● **Provided entries**:
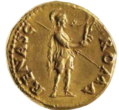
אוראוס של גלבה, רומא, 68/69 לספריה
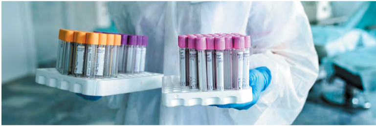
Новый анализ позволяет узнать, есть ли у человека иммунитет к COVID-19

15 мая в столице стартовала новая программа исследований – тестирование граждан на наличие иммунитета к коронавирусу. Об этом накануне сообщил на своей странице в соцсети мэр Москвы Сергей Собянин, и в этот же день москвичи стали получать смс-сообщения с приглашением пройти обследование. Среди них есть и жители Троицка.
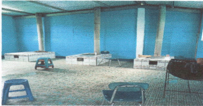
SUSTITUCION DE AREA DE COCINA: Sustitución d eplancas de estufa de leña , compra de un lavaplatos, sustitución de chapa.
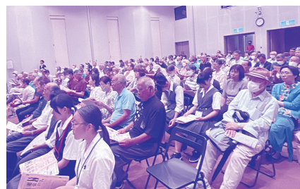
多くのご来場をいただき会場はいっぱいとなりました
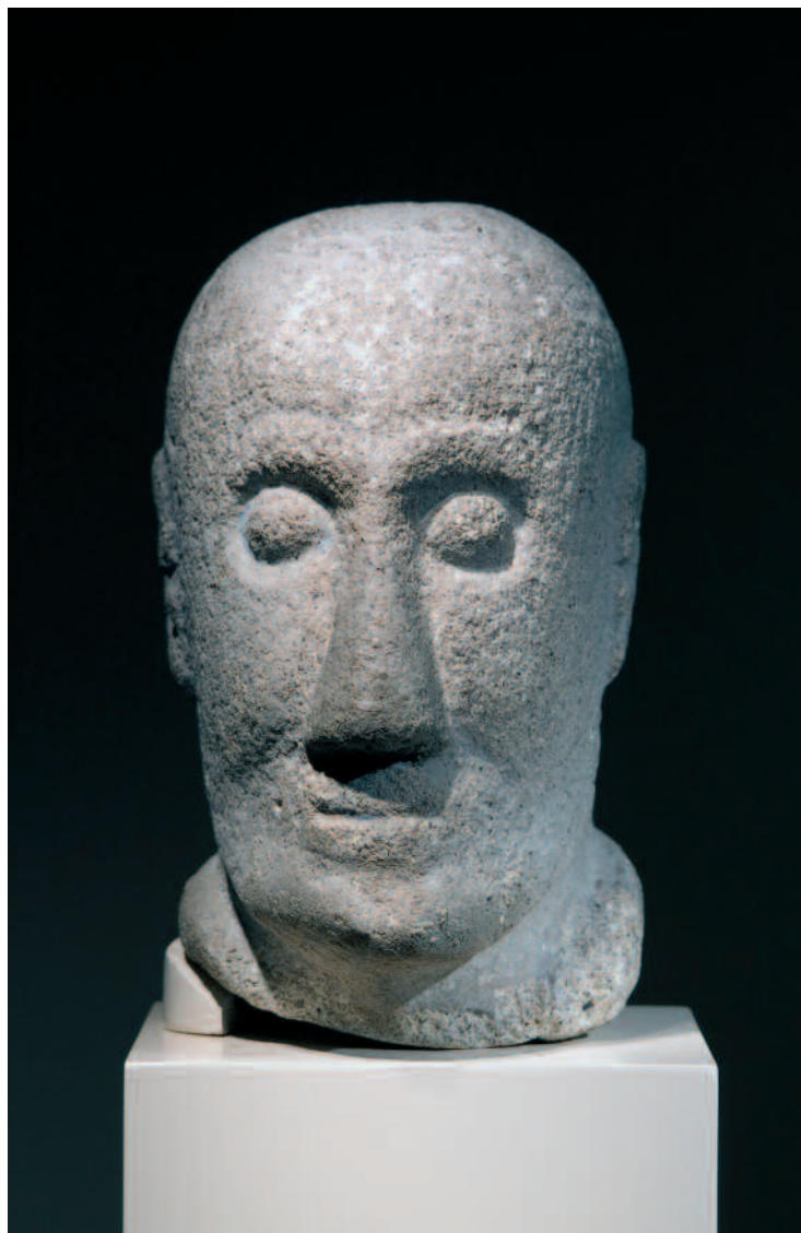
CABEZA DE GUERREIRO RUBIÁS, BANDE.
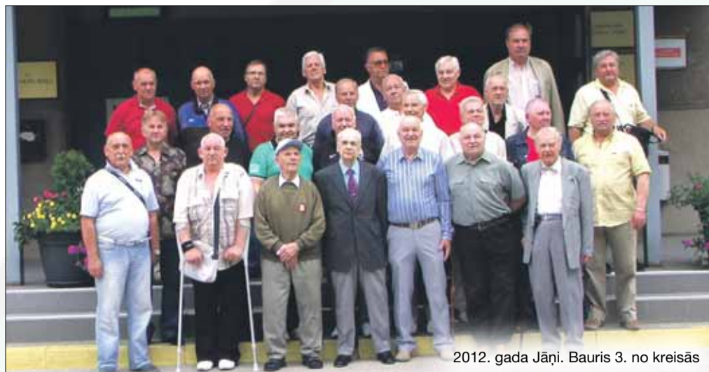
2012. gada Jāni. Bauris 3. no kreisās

---

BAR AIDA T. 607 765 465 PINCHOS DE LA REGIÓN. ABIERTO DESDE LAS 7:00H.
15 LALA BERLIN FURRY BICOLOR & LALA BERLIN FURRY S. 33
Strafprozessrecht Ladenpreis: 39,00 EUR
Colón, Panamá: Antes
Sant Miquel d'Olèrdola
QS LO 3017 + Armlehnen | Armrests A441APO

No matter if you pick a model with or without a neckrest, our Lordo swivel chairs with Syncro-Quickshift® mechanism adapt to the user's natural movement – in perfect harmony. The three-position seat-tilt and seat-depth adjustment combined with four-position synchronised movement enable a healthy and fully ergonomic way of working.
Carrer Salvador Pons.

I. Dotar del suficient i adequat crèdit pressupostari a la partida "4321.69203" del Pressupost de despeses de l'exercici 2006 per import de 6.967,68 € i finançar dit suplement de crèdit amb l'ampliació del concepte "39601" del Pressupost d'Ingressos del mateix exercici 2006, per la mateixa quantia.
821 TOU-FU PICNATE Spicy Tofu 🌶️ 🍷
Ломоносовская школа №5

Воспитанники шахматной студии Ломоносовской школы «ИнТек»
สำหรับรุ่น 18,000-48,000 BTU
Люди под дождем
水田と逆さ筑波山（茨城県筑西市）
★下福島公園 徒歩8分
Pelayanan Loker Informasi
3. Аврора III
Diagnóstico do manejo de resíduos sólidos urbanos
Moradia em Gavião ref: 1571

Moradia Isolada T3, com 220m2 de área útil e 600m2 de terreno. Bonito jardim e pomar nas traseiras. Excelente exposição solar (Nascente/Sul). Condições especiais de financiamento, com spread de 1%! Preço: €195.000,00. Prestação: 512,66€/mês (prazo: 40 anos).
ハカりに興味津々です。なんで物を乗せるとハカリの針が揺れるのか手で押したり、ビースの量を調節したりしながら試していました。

● **Activity**: In the entries above, find the line with "水田と逆さ筑波山（茨城県筑西市）" and the line with "Moradia em Gavião ref: 1571", then set down exactly those two and every line between them, nothing else.

● **Answer to this problem**:
水田と逆さ筑波山（茨城県筑西市）
★下福島公園 徒歩8分
Pelayanan Loker Informasi
3. Аврора III
Diagnóstico do manejo de resíduos sólidos urbanos
Moradia em Gavião ref: 1571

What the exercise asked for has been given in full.